Intern, Policy Advice and Planning Section (PAPS), UN Office for the Coordination of Humanitarian Affairs, USA
In efforts by the international community to ‘develop’ and ‘democratize’ countries in the global South, through the transfer of Western Liberal institutions, for example democratic and legal institutions, local knowledge has often been overlooked. Both in the implementation and transitional phases. One interesting issue I have encountered during my studies in Governance and Development, is the lack of consideration given to local and traditional knowledge in the context of law. The transfer of legal institutions has been common practice since the 1960s, with scholars and policy makers taking an interest in poorer nations and looking at development as a process of evolution from tradition to modernity, overlooking the cultural importance of customary law and the role it plays in society.

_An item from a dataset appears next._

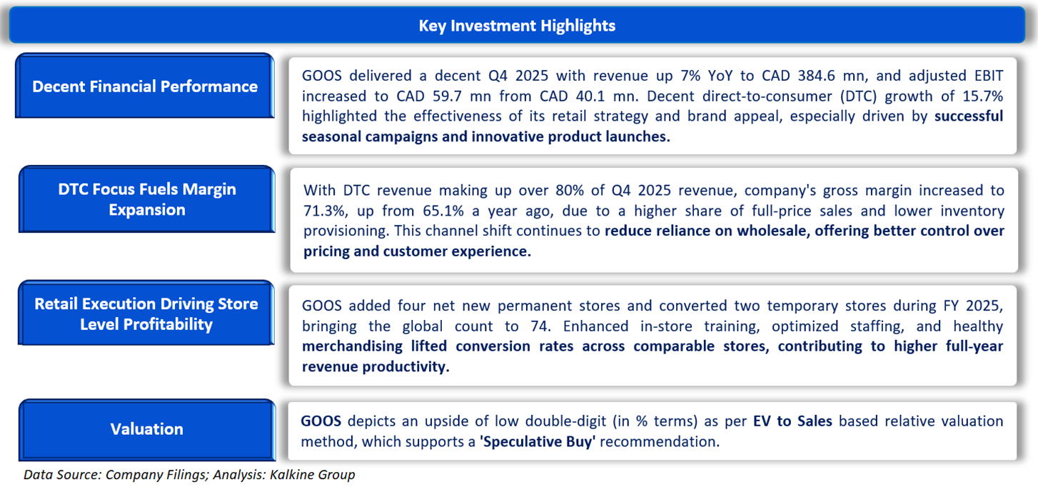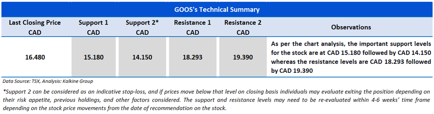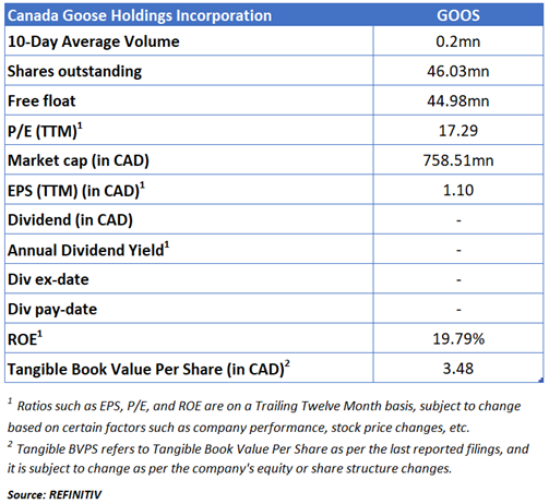 Canada Goose Holdings Incorporation (TSX: GOOS) is a Canada based company that designs, manufactures, distributes, and retails premium outerwear for men, women, and children. It operates business through three segments namely, Wholesale and Direct to Consumer (DTC), and Other. The DTC segment, which is the key revenue driver, comprises sales through country-specific e-commerce platforms and its company-owned retail stores located in luxury shopping locations. The Wholesale segment comprises sales made to a mix of functional and fashionable retailers, including major luxury department stores, outdoor specialty stores, and individual shops, and to international distributors. Geographically, it has a presence in Canada, the United States, Asia, Europe, and the Rest of the World.

In 2016, the International Development Law Organization (IDLO) worked to support Somali traditional dispute resolution in a country where only 30% of citizens turn to the formal justice system to resolve disputes. They did this by training local elders on human rights and national law, therefore incorporating the transplanted western concept of law into the traditional local systems of dispute resolution. To me, these forms of knowledge-sharing and mechanisms of knowledge integration both bottom-up and top-down are crucial to the sustainability of development of legal systems. Recognizing the importance of, and respecting, these systems of customary law in varying contexts is essential.